Okt 28 10:29:40 kernel: ^[[0;1;39mamdgpu 0000:04:00.0: amdgpu: [gfxhub0] no-retry page fault (src_id:0 ring:128 vmid:0 pasid:0, for process  pid 0 thread  pid 0)
Okt 28 10:29:40 kernel: ^[[0;1;39mamdgpu 0000:04:00.0: amdgpu:   in page starting at address 0x0000000000872000 from IH client 0x1b (UTCL2)
Okt 28 10:29:40 kernel: ^[[0;1;39mamdgpu 0000:04:00.0: amdgpu: VM_L2_PROTECTION_FAULT_STATUS:0x00040D00
Okt 28 10:29:40 kernel: ^[[0;1;39mamdgpu 0000:04:00.0: amdgpu:          Faulty UTCL2 client ID: CPG (0x6)
Okt 28 10:29:40 kernel: ^[[0;1;39mamdgpu 0000:04:00.0: amdgpu:          MORE_FAULTS: 0x0
Okt 28 10:29:40 kernel: ^[[0;1;39mamdgpu 0000:04:00.0: amdgpu:          WALKER_ERROR: 0x0
Okt 28 10:29:40 kernel: ^[[0;1;39mamdgpu 0000:04:00.0: amdgpu:          PERMISSION_FAULTS: 0x0
Okt 28 10:29:40 kernel: ^[[0;1;39mamdgpu 0000:04:00.0: amdgpu:          MAPPING_ERROR: 0x1
Okt 28 10:29:40 kernel: ^[[0;1;39mamdgpu 0000:04:00.0: amdgpu:          RW: 0x1
Okt 28 10:29:40 kernel: ^[[0;1;39mamdgpu 0000:04:00.0: amdgpu: [gfxhub0] no-retry page fault (src_id:0 ring:128 vmid:0 pasid:0, for process  pid 0 thread  pid 0)
Okt 28 10:29:40 kernel: ^[[0;1;39mamdgpu 0000:04:00.0: amdgpu:   in page starting at address 0x0000000000872000 from IH client 0x1b (UTCL2)
Okt 28 10:29:40 kernel: ^[[0;1;39mamdgpu 0000:04:00.0: amdgpu: VM_L2_PROTECTION_FAULT_STATUS:0x00040D00
Okt 28 10:29:40 kernel: ^[[0;1;39mamdgpu 0000:04:00.0: amdgpu:          Faulty UTCL2 client ID: CPG (0x6)
Okt 28 10:29:40 kernel: ^[[0;1;39mamdgpu 0000:04:00.0: amdgpu:          MORE_FAULTS: 0x0
Okt 28 10:29:40 kernel: ^[[0;1;39mamdgpu 0000:04:00.0: amdgpu:          WALKER_ERROR: 0x0
Okt 28 10:29:40 kernel: ^[[0;1;39mamdgpu 0000:04:00.0: amdgpu:          PERMISSION_FAULTS: 0x0
Okt 28 10:29:40 kernel: ^[[0;1;39mamdgpu 0000:04:00.0: amdgpu:          MAPPING_ERROR: 0x1
Okt 28 10:29:40 kernel: ^[[0;1;39mamdgpu 0000:04:00.0: amdgpu:          RW: 0x1

Reverting that commit and the kernel is back working normal.
Here the related reports from our users (ignore the nvidia posts).
https://forum.siduction.org/index.php?topic=8439.0
Comment 1 Sebastian Dalfuß 2021-10-31 09:46:13 UTC
I can confirm this for a
"04:00.0 VGA compatible controller: Advanced Micro Devices, Inc. [AMD/ATI] Picasso (rev c2)".
Comment 2 towo 2021-11-01 19:42:28 UTC
The relevant commit is 714d9e4574d54596973ee3b0624ee4a16264d700
Comment 3 towo 2021-11-01 20:05:26 UTC
Additional info, after installing the kernel from a working system, 1st boot with that kernel is working flawless.

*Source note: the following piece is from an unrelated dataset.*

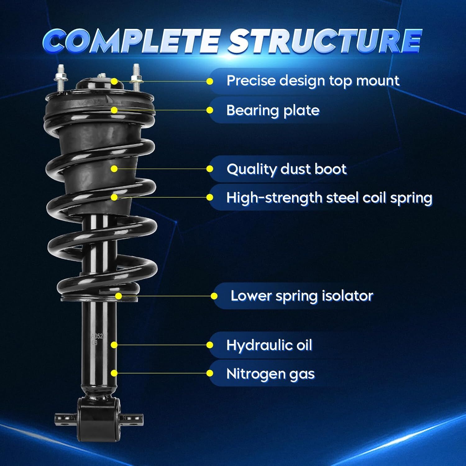 Compatible with: for Chevy Avalanche 2007-2013, for Chevy Suburban 2015-2018, for Chevy Suburban 1500 2007-2014, for Chevy Tahoe 2007-2019, for GMC Yukon 2007-2019, for GMC Yukon XL 2015-2019, for GMC Yukon XL 1500 2007-2012; For more details, please see the product description. Replace for Part Number: Replace 579104 4345073 Kit Includes: 2x front strut shock assembly w/ coil spring, 2x rear strut shock absorber Inflatable Design: Greater damping for greater work reliability; High-pressure gas and oil are separated by a floating piston, eliminating oil emulsification Quality Assurance: 12-month warranty! tested before shipping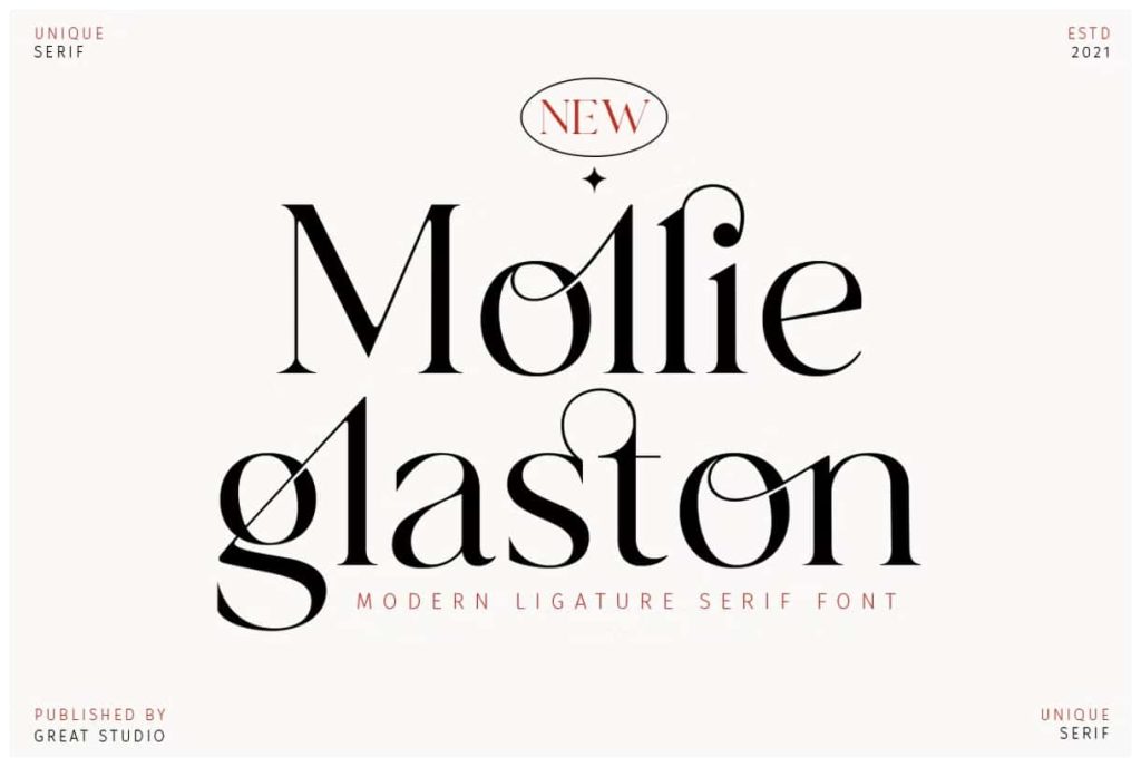 Mollie Glaston-Modern Ligature SerifleastedJune 11, 2025Fonts Mollie Glaston is a modern serif font with a unique ligature style Download

Rebooting with that kernel and the boot is hanging a long time, then the desktop starts but the system is not really usuable. All the problems do not happen after reverting 714d9e4574d54596973ee3b0624ee4a16264d700.
Comment 4 Alex Deucher 2021-11-02 20:30:40 UTC
I think this patch set should address the issue:
https://patchwork.freedesktop.org/series/96508/
Comment 5 James Zhu 2021-11-03 01:46:19 UTC
Created attachment 299413 [details]
patch to fix

Suggest to upgrade to 5.15rc7 and apply this patch, then make a test.
Comment 6 James Zhu 2021-11-03 14:29:22 UTC
Created attachment 299437 [details]
analysis for this issue

Linux 5.14.15  + afd1818 can fix the issue.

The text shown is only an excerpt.